The 2018 Authorization adds the following mandatory language for Borrowers who are residents of Georgia, Oregon and Washington:
1. Georgia: The following must appear in the Note if any borrower is resident of Georgia: “The undersigned borrower hereby waives the right to require the Holder of this obligation to confirm any foreclosure sale as a condition for taking action to collect on this note.”
2. Oregon: The following must appear in the Note if any borrower is resident of Oregon: “UNDER OREGON LAW, MOST AGREEMENTS, PROMISES AND COMMITMENTS MADE BY [BENEFICIARY]/US CONCERNING LOANS AND OTHER CREDIT EXTENSIONS WHICH ARE NOT FOR PERSONAL, FAMILY, OR HOUSEHOLD PURPOSES OR SECURED SOLELY BY GRANTOR’S/BORROWER’S RESIDENCE MUST BE IN WRITING, EXPRESS CONSIDERATION AND BE SIGNED BY [AN AUTHORIZED REPRESENTATIVE OF BENEFICIARY]/US TO BE ENFORCEABLE.”
3. Washington: The following language must appear in boldface ten-point type to the Note, Guarantees and other Credit Agreements if any borrower or guarantor is resident of Washington: “Oral agreements or oral commitments to loan money, extend credit, or to forbear from enforcing repayment of a debt are not enforceable under Washington law.”
Further, the 2018 Authorization makes a number of other changes to the state specific provisions that already exist under the collateral conditions section of the Authorization. These revisions are as follows:
1. Arizona, Georgia, Kentucky, Wisconsin: whether the lender uses SBA Form 148/148L or the lender’s own form, the language was changed to cover all guarantees.
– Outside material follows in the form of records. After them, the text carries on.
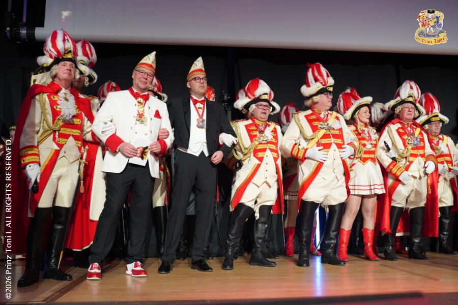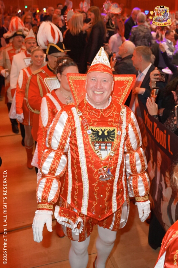 120 Endlich Karnevalsprinz: Toni I. - Am Samstag 10. Januar 2026 war es endlich soweit. Kürung se. Tollität Prinz Toni I., im Rahmen eines hochklassigen Galaabends in der ausverkauften Mercatorhalle in Duisburg. Ein stimmungsvoller Abend mit Show, Musik und Tanz. Vorab präsentierte sich die Prinzencrew 2026 im WYNDHAM Hotel Duisburger Hof der Leibgarde se. Tollität, die Prinzengarde der Stadt Duisburg.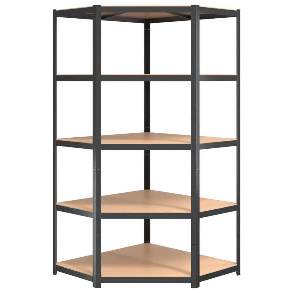 Mensola in acciaio antracite e legno ingegnerizzato da parete e da esposizione a 5 strati con 2 pezzi resistente ed elegante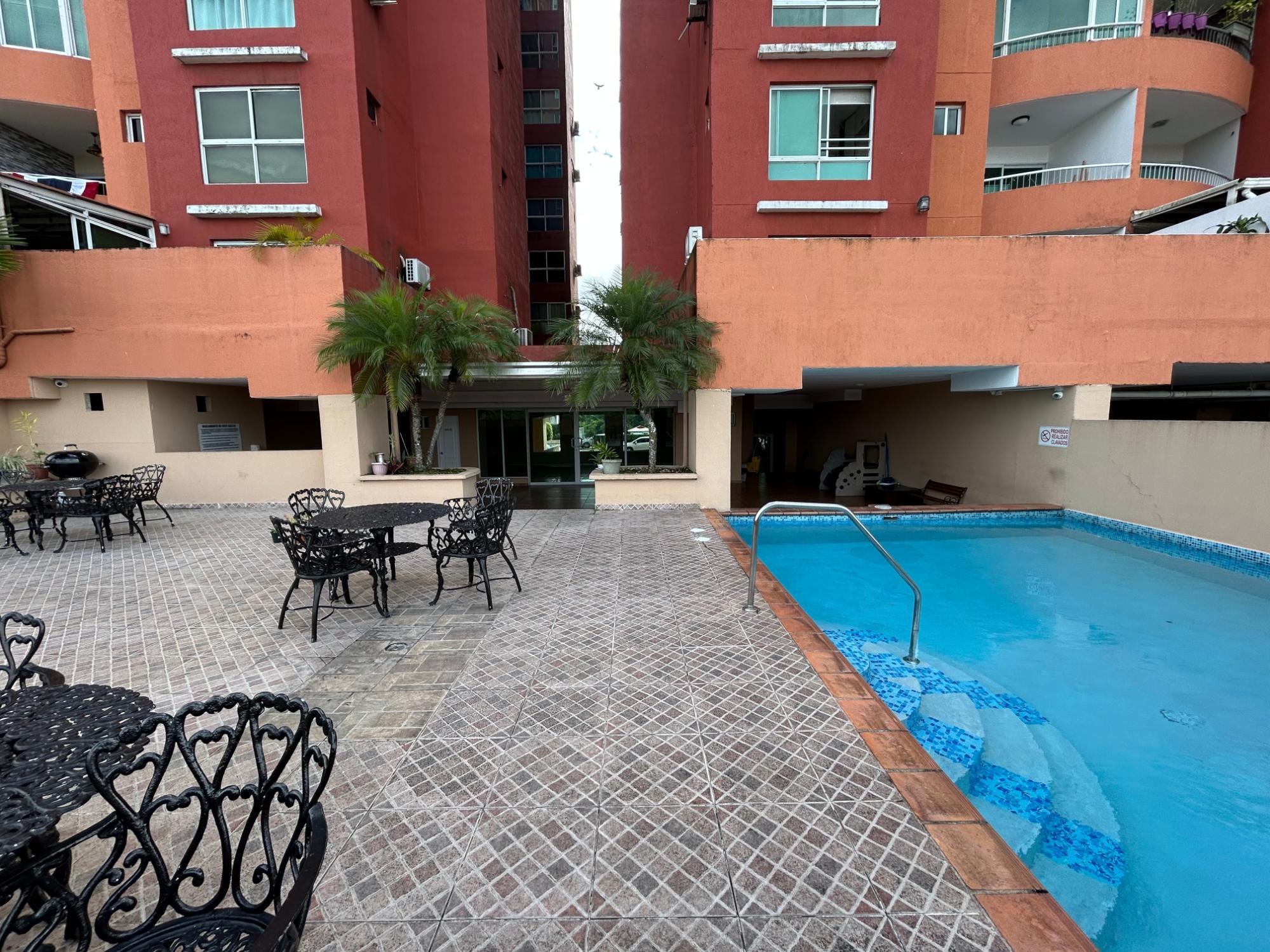 La propiedad incluye dos dormitorios y tres baños, ofreciendo amplio espacio para los residentes. La unidad se vende completamente amueblada y el precio de venta incluye los electrodomésticos, un juego de lavadora-secadora, estufa y refrigerador. La cuota de mantenimiento es actualmente de $130, que cubre el gas y el mantenimiento de las áreas comunes. El complejo de condominios incluye una variedad de comodidades, como una piscina, estacionamiento para visitantes, áreas sociales, un salón de fiestas, un área de juegos para niños, dos tanques de reserva de agua y dos ascensores de alta velocidad. El lobby cuenta con seguridad las 24 horas y un servicio de conserjería, lo que garantiza la seguridad y la comodidad de todos los residentes.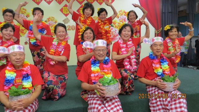 十二点正,随着黄会长上台致词,祝愿与会所有寿星心情舒畅、身体健康、长命百岁。何栢生眼科医生简短介绍老人眼保知识后,丰富多彩的文娱演出开始。首先由林碧华领演吉祥如意的缅甸泼水节舞,舞姿优美,歌声动听,深受寿星们喜爱,获得全堂掌声。接着庄玉娇老师领演的粤语父母恩典舞、闽南语爱拼才会赢舞先后登台,歌声优扬,舞姿翩翩,动作整齐,深受与会观众好评。还有吕良奇、丘丽琴夫妇领演的交际舞,陈幼群领演的双人舞,陈贵茂会友的剑舞,多姿多彩,目不暇接,与会观众大饱眼福。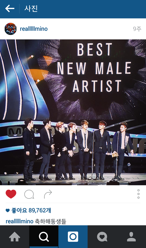 마마에 참석하고 신인상을 탄 아이콘을 축하해주려 인스타에 올린 게시물임..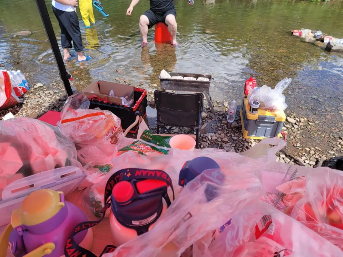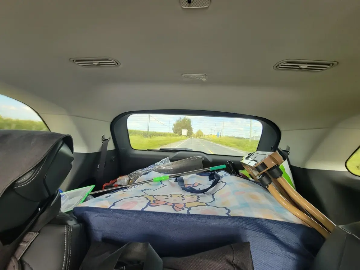 我家车是2+2+3的座椅排布形式,三排放倒的情况下,后备箱的空间就得到了扩充,两个整理箱是这次露营的战备粮,其余的就是装备了,帐篷,蛋卷桌,折叠椅,还有孩子的水枪和捞鱼网,出发,双龙村

2. Georgia: mandatory language for guaranty was updated.
3. Missouri: a change due to an amendment to RSMO §432.047, effective August 28, 2013, added, “…or unexecuted…” before agreements in the first sentence.
4. Idaho, Alaska, Washington: added mandatory provision for real estate collateral.
Ultimately, it is important for lenders to review the new Authorization boilerplate in comparison to their legacy loan documents to ensure those documents comply with the new requirements. Additionally, lenders should stay appraised of updates in state laws that require revisions to the lender’s loan documents for enforceability, even if the SBA has not yet incorporated language into the Authorization in effect at the time.